What are the links to existing research?

1. Explore sequence.xyz: https://sequence.xyz/blog/compressing-calldata

2. L2 Calldata Optimization Contract: https://github.com/ScopeLift/l2-optimizoooors

3. Rollups based on proof of validity (aka ZK rollups) publish state differences instead of transactions: https://ethresear.ch/t/rollup-diff-compression-application-level-compression-strategies-to-reduce-the-l2-data-footprint-on-l1/9975

4. BLS Wallet - BLS aggregation via ERC-4337: https://github.com/getwax/bls-wallet

What else needs to be done, and what are the tradeoffs?

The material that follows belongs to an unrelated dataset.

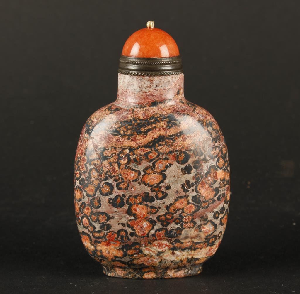 Red leopard Jasper stone snuff bottle, ca 1900. Est.: $500-$1,000.

The main thing to do next is to actually implement the above scheme. The main tradeoffs include:

1. Switching to BLS signatures requires a lot of effort and reduces compatibility with trusted hardware chips that can enhance security. ZK-SNARK wrappers of other signature schemes can be used instead.

2. Dynamic compression (e.g., replacing addresses with pointers) complicates client code.

3. Publishing state differences to the chain instead of transactions reduces auditability and makes many software (e.g., block browsers) inoperable.

How does it interact with other parts of the roadmap?

Adopting ERC-4337 and eventually incorporating parts of it into the L2 EVM can greatly speed up the deployment of aggregation technology. Putting parts of ERC-4337 on L1 can speed up its deployment on L2.

Generalized Plasma

What problem are we solving?

Even with 16MB blobs and data compression, 58,000 TPS may not be enough to fully meet the needs of consumer payments, decentralized social, or other high-bandwidth areas, especially when we start to consider privacy factors, which may reduce scalability by 3-8 times. For high-transaction volume, low-value use cases, one current option is to use Validium, which stores data off-chain and adopts an interesting security model: operators cannot steal users' funds, but they may temporarily or permanently freeze all users' funds. But we can do better.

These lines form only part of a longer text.